Üniversitede İslam Hukuku hocamız
Prof. Yusuf Ziya Kavakçı bir hatırasını anlatmıştı. Hukuk Fakültesini bitirmiş
bir zanlı hâkimin bütün tespitlerini çürüterek beraat etmeyi başarmıştı. Hâkim
zanlının suçlu olduğuna kani fakat yapılan savunmaya da bigane kalamayarak
beraat kararı veriyor. Söylediği son cümle şu: Diplomalı eşkıyalar türedi
işimiz zor.
Anadolu insanının ahlakı, edebi
suç işlediğinde yüzünün kızarmasına sebep olur. Eskiden hırsızlık adi
suçlardandı. Yüz kızartıcı suç olarak kabul edilirdi. Bunun gibi birçok ahlak
dışı fiiller yüz kızartıcı suç olarak isimlendirilirdi. Suç işleyenin yüzü
kızarırdı. Artık hırsızın, arsızın, namussuzun yüzü kızarmıyor üstelik pişkin
pişkin sırıtıyor. Hani bir söz var: ‘yavuz hırsız ev sahibini bastırır’ diye.
Televizyonlarda haberlerde zaman
zaman izliyoruz. Suçlu olduğu halde kendini haklı göstermeye çalışan insanlar
ne kadar rahat. Artık suçun utanılacak bir fiil olması gündemimizden çıkmış.
Toplum olarak değer kaybediyoruz. Değerlerimiz alt-üst olmuş. İşin en vahim
tarafı ise bu tür insanların toplum tarafından –değişik sebeplerle- kabul
görüyor olması, hürmet ediliyor, saygı duyuluyor olması.

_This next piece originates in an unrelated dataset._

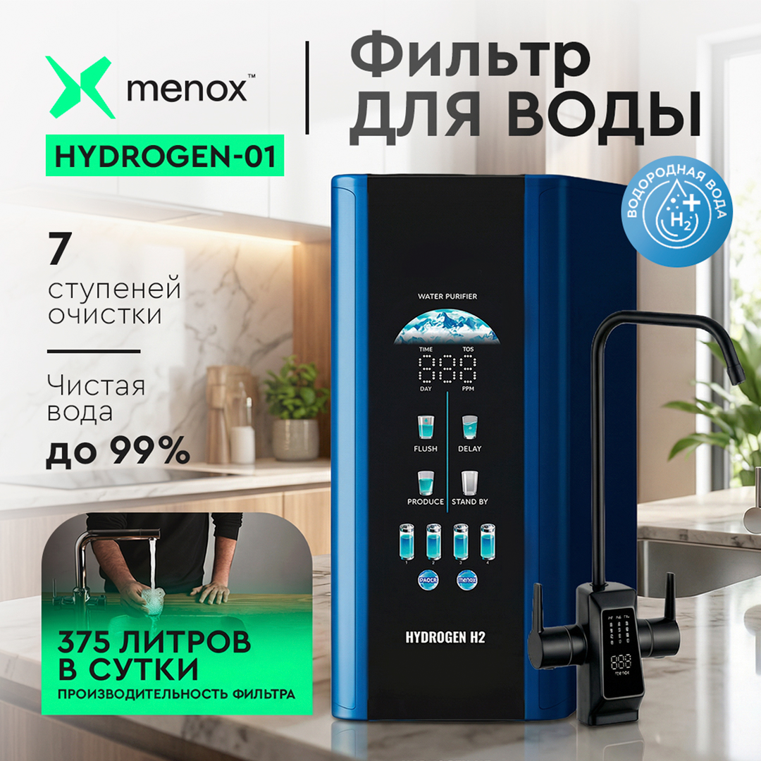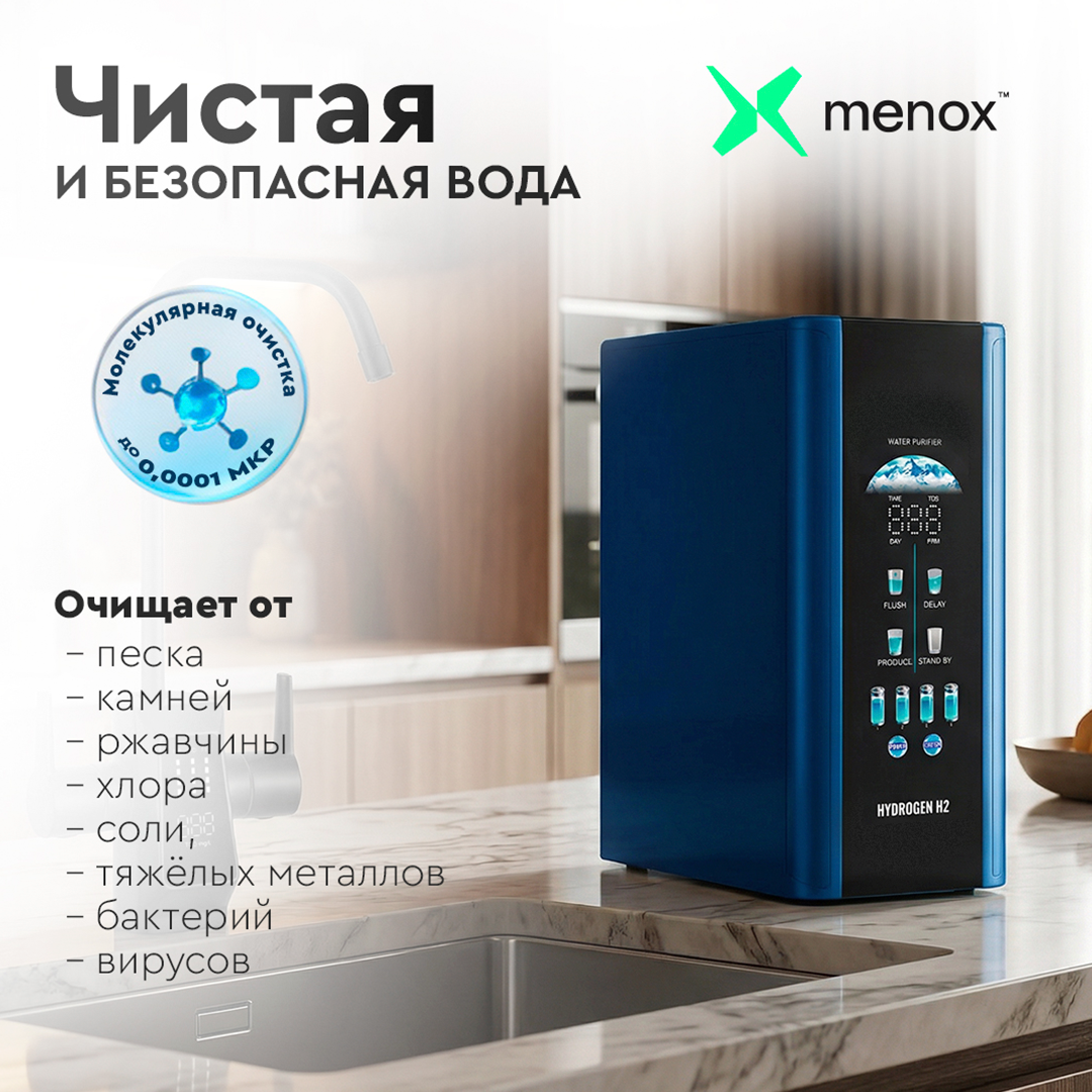 Menox Hydrogen-01 — современная система обратного осмоса с функцией минерализации и водородного обогащения воды. Подходит как для одного пользователя, так и для большой семьи, обеспечивая чистую, безопасную и вкусную воду каждый день.

Sözü uzatmadan Ziya Paşa’ya
bırakmak en doğrusu…
Katır mühürdâr oldu, eşek
defterdâr!”
Tanzimat edebiyatının büyük
şairlerinden Ziya Paşa böyle demiş. Ziya Paşa kendi dönemi insanları için
yazmış bu beyti. Fakat insan değişmiyor. Hırs, tamah, ego bizi yanlışa
sürüklüyor. Her dönemde insanlardan yanlış yapanlar bulunuyor. Belki insanın
mayasına bağlamak lazım bunu:
"Bed-asla necâbet mi verir
hiç üniforma
Zerdûz palan vursan eşşek yine
eşşektir." (Ziya Paşa)
Elbiseye veya aksesuara insanlar
değişik anlamlar yüklüyor. Elbiselerin renginden bile anlamlar çıkarılmaya
çalışılıyor. Markalı elbiseler sahibine bir üstünlük sağlıyor. Hiç birine
diyeceğimiz yok. Elbisenin ve kravatın kötülükleri örttüğünü Nasrettin Hoca’nın
ye kürküm ye fıkrası ne güzel
özetliyor.
Deli Dumrul hikâyesini biliriz.
Kuru çay üzerine yaptırdığı köprüden kendi rızasıyla geçenlerden beş akçe,
geçmeyenlerden ise zorla on akçe alırmış. Dede Korkut hikâyelerinin çok yaygın
olarak bilinen bu hikâyesi biraz günümüz çağdaş eşkıyalarını anlatıyor. Bazı
eşkıyalıkların çapı geniş, etkisi büyük oluyor. Üstelik diplomalı, takım
elbiseli ve kravatlı. Koydukları kurallar mantık dışı olsa da uygulamada
tereddüt göstermiyorlar.
Cehalet memleketin gerçekten
de en büyük sorunu. Ancak diplomalı cahilleri gördükçe duydukça,
televizyonlarda izledikçe yazının başında söylediğim hâkim gibi düşünüyorum. Diplomalarını
nasıl aldıkları beni ilgilendirmez. Bunlar eşkıyalıklarına ‘yasallık’ kılıfı
uydururlar. Bunlar, kendilerini hukuka saygılı gösterirler. Hata etmediklerini
iddia ederler. Bunlar dürüst olduklarını bağıra bağıra söylerler. Bunlar
boyunlarında kravat taşıyan çağdaş eşkıyalardır.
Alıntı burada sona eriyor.